Otoscopy is an essential first step in the diagnosis of paraganglioma and cholesteatoma. After that, a high-resolution CT (HRCT) or MRI with a gadolinium-based contrast agent (GBCA) is performed to determine the exact location of the paraganglioma and its vascular anatomy. To assess cholesteatoma, diffusion-weighted MRI (DWI-MRI) is used. Before surgery, patients with paraganglioma should undergo angiography and endovascular embolization of the feeding vessels. If confirmed, healthy family members are advised to undergo genetic testing to detect a tumor at an early stage.
If a vestibular schwannoma is suspected, a comprehensive audiological examination (including pure tone and speech audiometry and auditory evoked potential) and vestibular testing are required.

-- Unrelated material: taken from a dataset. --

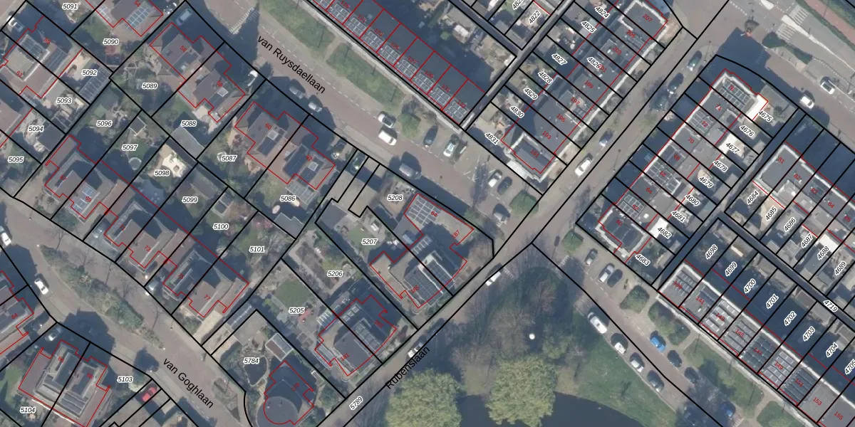Het perceel waarop van Ruysdaellaan 64 staat heeft een oppervlakte van 440 m². Dit is een groot perceel. De perceeloppervlakte wordt geregistreerd door het Kadaster. Gedetailleerde informatie over de maten van dit perceel kunt u vinden in het rapport Kadastrale kaart met maatvoering van van Ruysdaellaan 64.
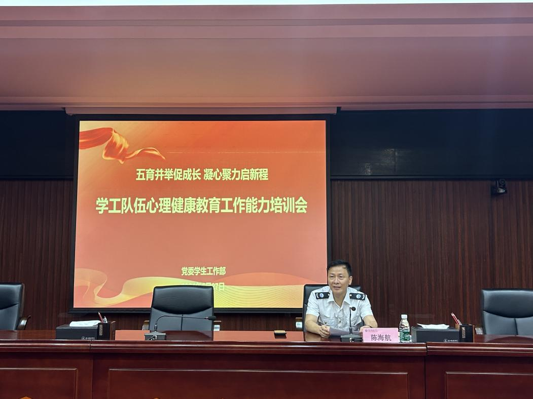 陈海航指出,心理健康事关生命安全和身体健康,已经引起了国家和社会的高度重视。防范学生心理危机事件发生,切实维护同学们生命安全和身心健康,是学生工作的重中之重。我校不断健全健康教育、监测预警、咨询服务、干预处置“四位一体”的学生心理健康工作体系,坚持“五育并举”,形成工作合力,不断完善学校、家庭、社会和相关部门协同联动的学生心理健康工作格局。他强调,心理健康教育工作是开展思想政治教育的重要组成部分,是促进学生健康成长,培养高素质人才的重要途径,全体辅导员要精准预防、精准摸排、精准帮扶、精准发力,提高学生的心理健康意识和心理调适能力,及时了解学生思想动态和心理诉求,走近学生身边、走进学生心灵,扎实开展心理健康教育系列工作。

An MRI with GBCA helps establish the tumor location.
Treatment
Atheromas should be removed surgically. Particular attention should be paid to separation and excision of the tumor capsule to prevent recurrence. If atheroma suppurates, the ‘incision and drainage’ (I&D) procedure is performed. This is when the cavity of the festered atheroma is cut open to evacuate pus, and then a drain tube is placed. After that, an aseptic dressing is applied. It should be changed regularly until complete recovery.
Surgical excision is the most common treatment for precancerous diseases (e.g., cutaneous horn) and carcinomas. During this procedure, a surgeon removes the affected skin area with some healthy tissue around it, which is referred to as surgical margin. This is done to ensure the complete removal of pathologically altered tissues. If surgery is contraindicated, radiation therapy is used.
Surgery is the only way to treat cholesteatoma. If indicated, tympanoplasty can also be performed.
The preferred treatment for paragangliomas and VS is total surgical removal. If it is not an option, then partial resection followed by gamma knife radiosurgery is performed. Radiation therapy alone can be used in patients with contraindications to surgery or in the elderly. A “watch and wait” approach is usually recommended for small (~1 cm) and asymptomatic schwannomas.
Please note that histopathological examination of all removed tissues is mandatory.